L'amendement n° 54, présenté par M. Pillet, au nom de la commission, est ainsi libellé :
Alinéa 8
Après les mots :
garde des sceaux,
insérer les mots :
ministre de la justice,
La parole est à M. le rapporteur.
L'amendement est adopté.
L'article 26 est adopté.
Mes chers collègues, nous avons examiné 44 amendements au cours de la journée ; il en reste 18 à étudier sur ce texte.
Je rappelle en outre que 226 amendements sont à examiner sur le projet de loi portant application des mesures relatives à la justice du XXIe siècle.
La suite de la discussion est renvoyée à la prochaine séance.

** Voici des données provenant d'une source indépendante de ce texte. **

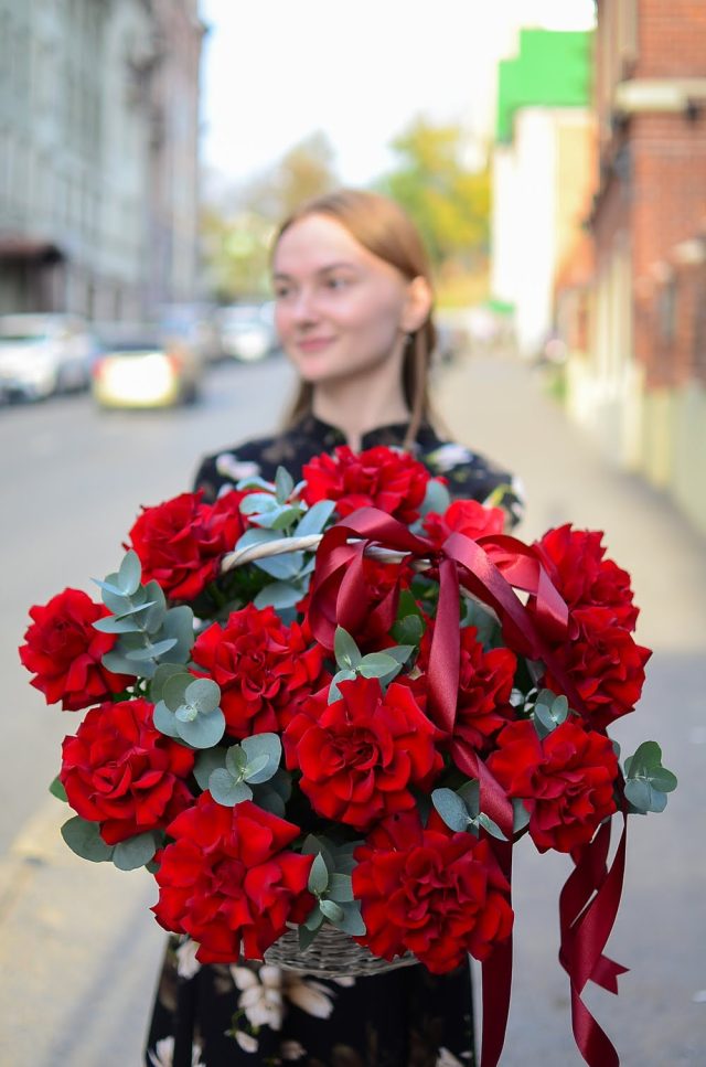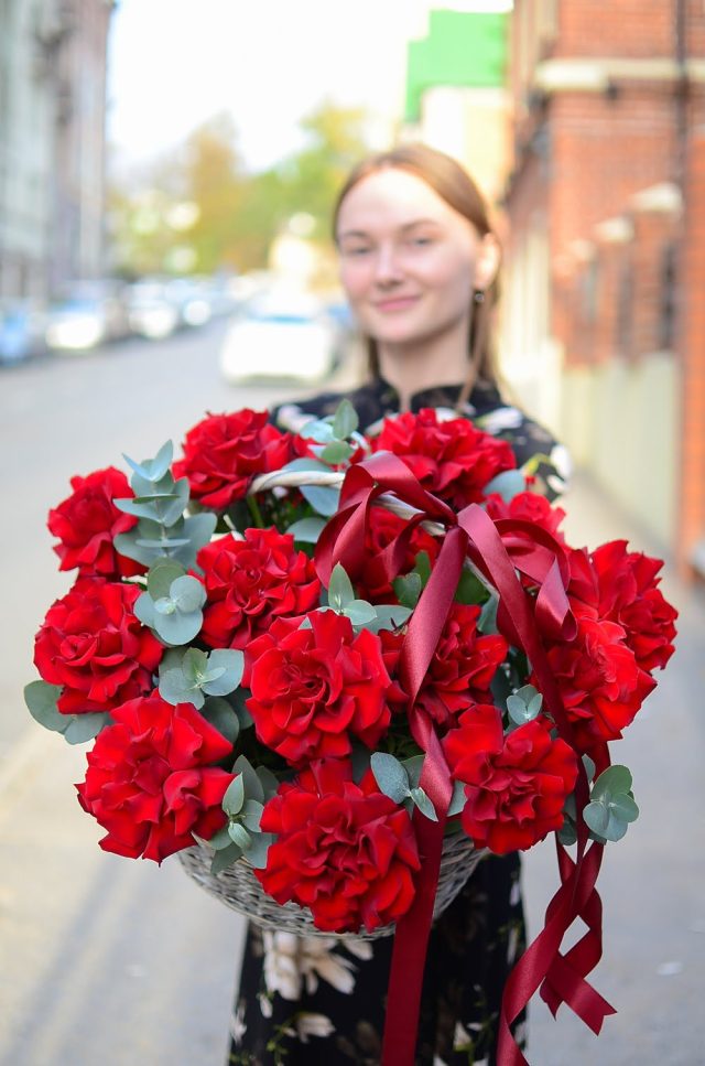 Великолепная композиция из 17-ти крупных французских роз и душистого эвкалипта в плетеной корзине. Композиция украшена атласными лентами.

Voici quel sera l’ordre du jour de la prochaine séance publique, précédemment fixée au mercredi 4 novembre 2015, à quatorze heures trente, le soir et la nuit :
Suite du projet de loi organique relatif à l’indépendance et l’impartialité des magistrats et à l’ouverture de la magistrature sur la société (procédure accélérée) (n° 660, 2014-2015) et projet de loi portant application des mesures relatives à la justice du XXIe siècle (procédure accélérée) (n° 661, 2014-2015) ;
Rapport de M. François Pillet, fait au nom de la commission des lois (n° 119, 2015-2016) ;
Texte de la commission des lois (n° 120, 2015-2016).
Rapport de M. Yves Détraigne, fait au nom de la commission des lois (n° 121, 2015-2016) ;
Texte de la commission des lois (n° 122, 2015-2016).
Personne ne demande la parole ?…
La séance est levée.
La séance est levée le mercredi 4 novembre 2015, à zéro heure quarante-cinq.